Adding Vertica on top of the existing Hadoop framework helped Criteo generate real intelligence and profit from Big Data. By selecting Vertica, Criteo gains deep insights across tremendous data loads, enabling it to optimize the performance of its display ads delivered in real-time for each individual consumer across mobile, apps, and desktop.
The company has experienced double-digit growth since its inception, and Vertica allows it to keep up with the ever-growing volume of data. Criteo uses Vertica to distribute and order data to fine tune for specific query scenarios. Its Vertica cluster is 75 TB on 50 CPU heavy nodes and growing.
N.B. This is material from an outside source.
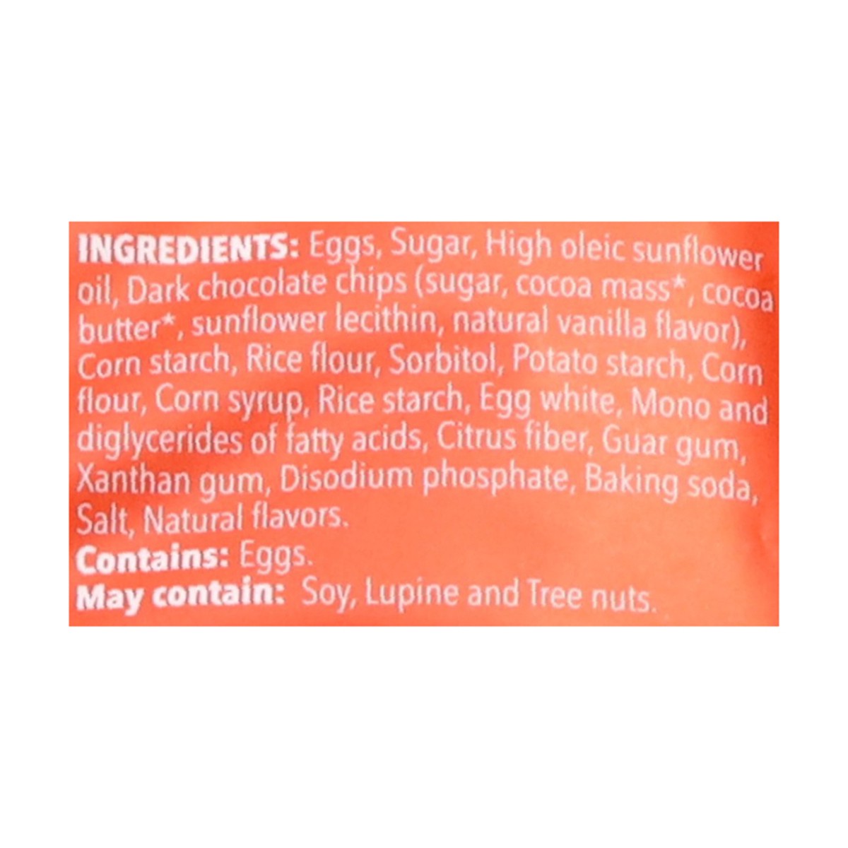 Eggs, Sugar, High Oleic Sunflower Oil, Dark Chocolate Chips (Sugar, Cocoa Mass (Rainforest Alliance Certified, Find Out More at Ra,Org), Cocoa Butter (Rainforest Alliance Certified, Find Out More at R…

The most effective CoE has a mix of people and technical skills. It’s an operational client-facing role so the right person will enjoy providing value by quickly analyzing why something is or isn’t working. Look for engineers interested in seeing things work in action, and making users happy. Another good candidate is an analyst who shows more technical acumen along with people skills. Regardless of who you choose, members of the CoE have to be really good at what they do and how they interact with internal clients, because they have really broad authority.
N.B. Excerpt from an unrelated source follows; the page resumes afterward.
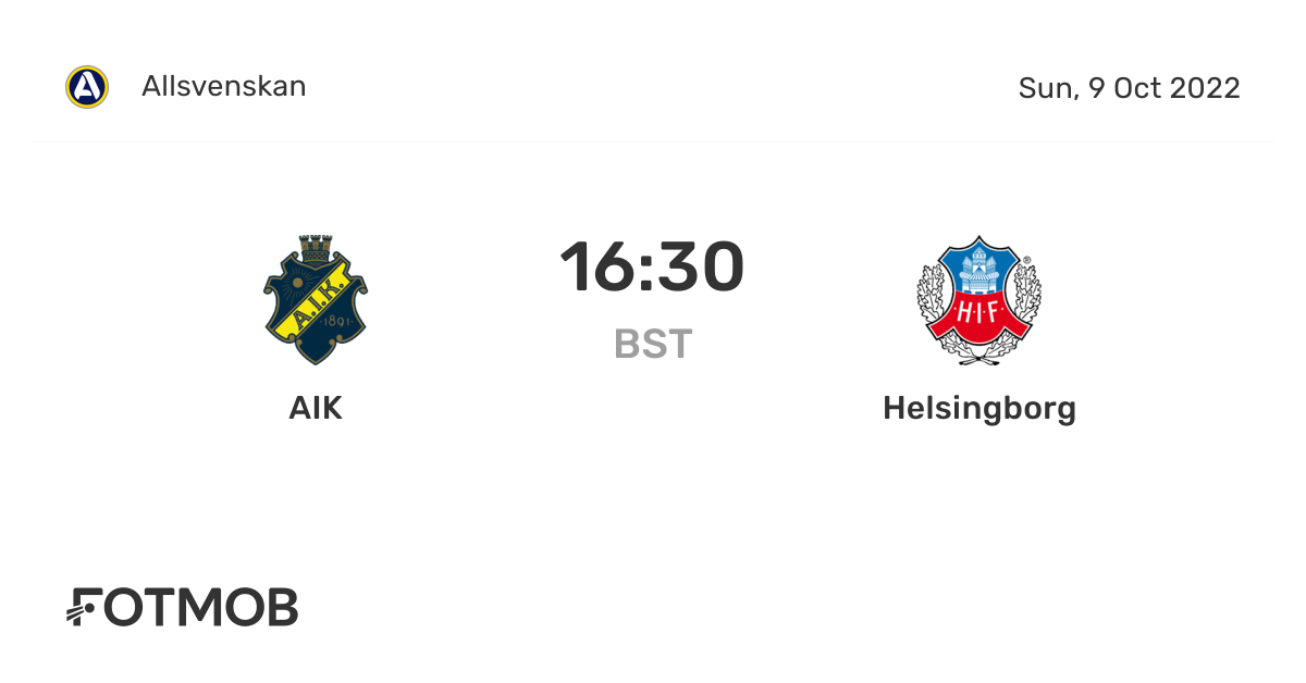 1630 09 Oct 2022. AIK vs Helsingborg Live Starting in. Compare odds across 24 UK bookmakers for AIK vs Helsingborg.

Even if you don’t call it a CoE, having a central team dedicated to making sure all activities around Big Data analytics follow best practices will help keep business on the right Big Data path. A mix of professionals who understand how databases work along with those who understand how people use data in their business will create a high-functioning team. The goal of that team is to respond quickly to business needs within the technical constraints of the architecture and to act deliberately and accordingly to create a tighter feedback loop on how the analytics stack performs.
Goals of a Big Data CoE:
- Defining a common set of best practices and work standards around Big Data
- Assessing (or helping others to assess) whether they are utilizing Big Data and analytics to best advantage
- Providing guidance and support to assist engineers, programmers, end users, data scientists, and other stakeholders to implement these best practices
Without question, the most important thing is to simplify, simplify, simplify. Sole-sourcing data for Vertica from Hadoop, for example, provides a defined backup process. It also allows for easy replication to multiple clusters. Vertica facilitates a simplified backup process and leaves little room for error.
Becoming mature with Big Data is not simply about using diverse data and building models that are operationalized in your organization. Big Data maturity is also about building a culture that supports analytics and is able to execute on it. It involves new organizational models, new leadership roles, and ensuring new development and deployment models.